= Material provided =

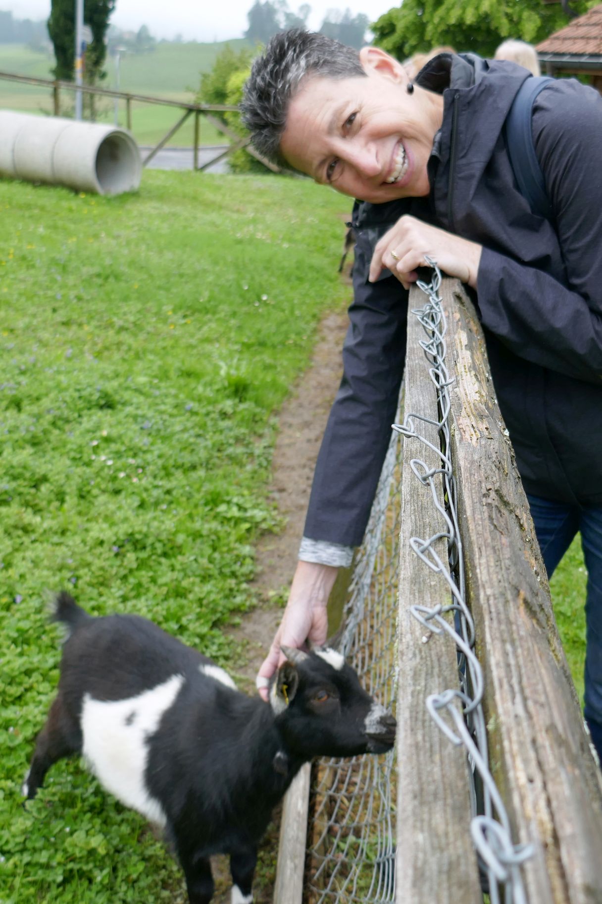 Following lunch, we visited a cheesemaker; however, they weren’t making cheese that day. We did enjoy watching the lady make cheese “roses” with her nifty tool, though. I also took the opportunity to check out a few interesting buildings nearby. But then I discovered the baby goats and spread the word. It was hard for Susy to pull us away; they were adorable!
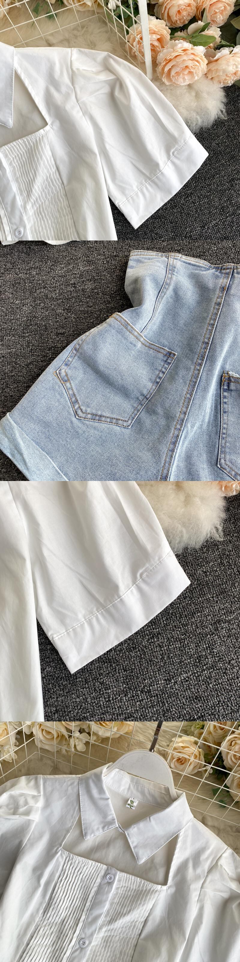 Girly wear suit sweet and careful machine hollow design shirt short high waist denim shorts two-piece set ハイウェスト ショート 大人ガーリー スウィート キュート カジュアル ショーツ ブルマー lyxaj25225110359
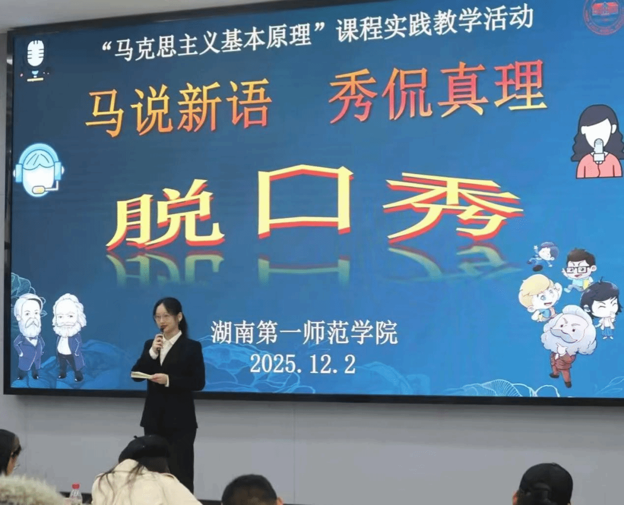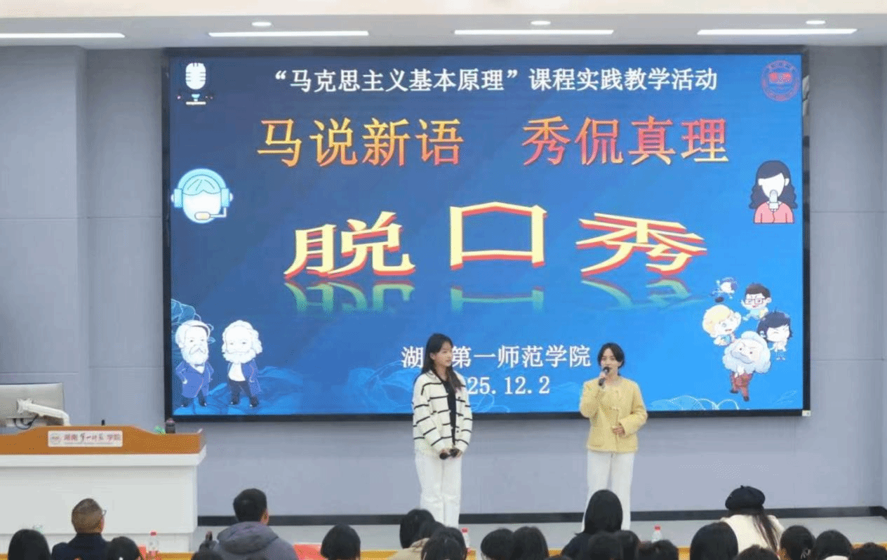 12月2日下午,伟德国际victor1946润寰楼南栋105报告厅内掌声迭起,以“马说新语 秀侃真理”为主题的脱口秀校级决赛暨《马克思主义基本原理》实践教学展演圆满落幕。湖南大学伟德国际victor1946汪博副教授、湖南师范大学伟德国际victor1946李艳萍博士及本校伟德国际victor1946教学团队担任评委,33组员工作品以青春视角重构理论话语,为思政课实践教学创新提供鲜活范本。
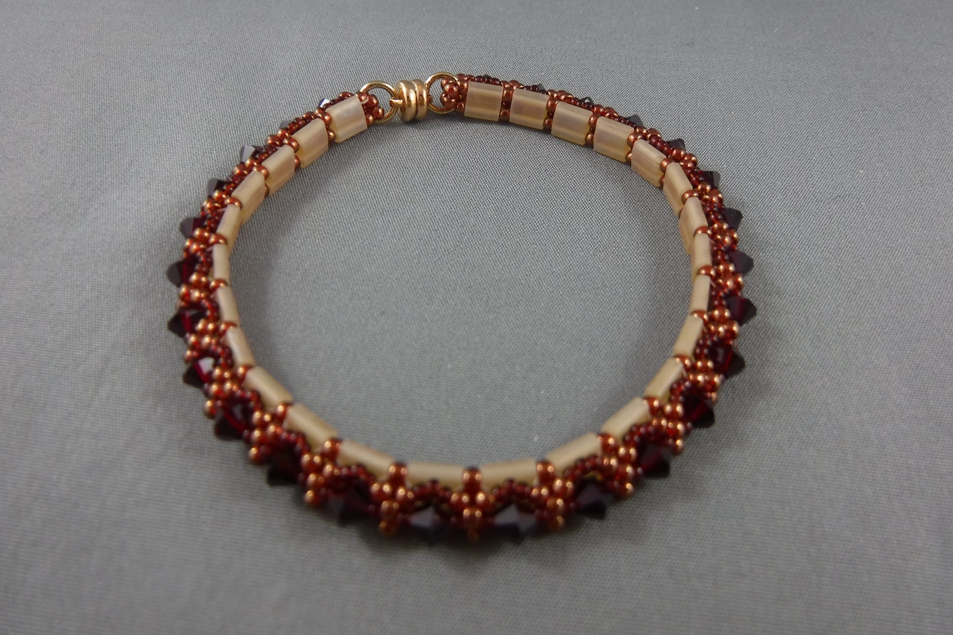 this beaded bangle bracelet has gold-toned accents showcasing beautiful red Swarovski crystals. It has a Gold-plated, strong magnet closure for easy fastening!

= Work order =
Transcribe the whole listing exactly. Pictures stay out of your copy.

= Response for this exercise =
 Following lunch, we visited a cheesemaker; however, they weren’t making cheese that day. We did enjoy watching the lady make cheese “roses” with her nifty tool, though. I also took the opportunity to check out a few interesting buildings nearby. But then I discovered the baby goats and spread the word. It was hard for Susy to pull us away; they were adorable!
 Girly wear suit sweet and careful machine hollow design shirt short high waist denim shorts two-piece set ハイウェスト ショート 大人ガーリー スウィート キュート カジュアル ショーツ ブルマー lyxaj25225110359
 12月2日下午,伟德国际victor1946润寰楼南栋105报告厅内掌声迭起,以“马说新语 秀侃真理”为主题的脱口秀校级决赛暨《马克思主义基本原理》实践教学展演圆满落幕。湖南大学伟德国际victor1946汪博副教授、湖南师范大学伟德国际victor1946李艳萍博士及本校伟德国际victor1946教学团队担任评委,33组员工作品以青春视角重构理论话语,为思政课实践教学创新提供鲜活范本。
 this beaded bangle bracelet has gold-toned accents showcasing beautiful red Swarovski crystals. It has a Gold-plated, strong magnet closure for easy fastening!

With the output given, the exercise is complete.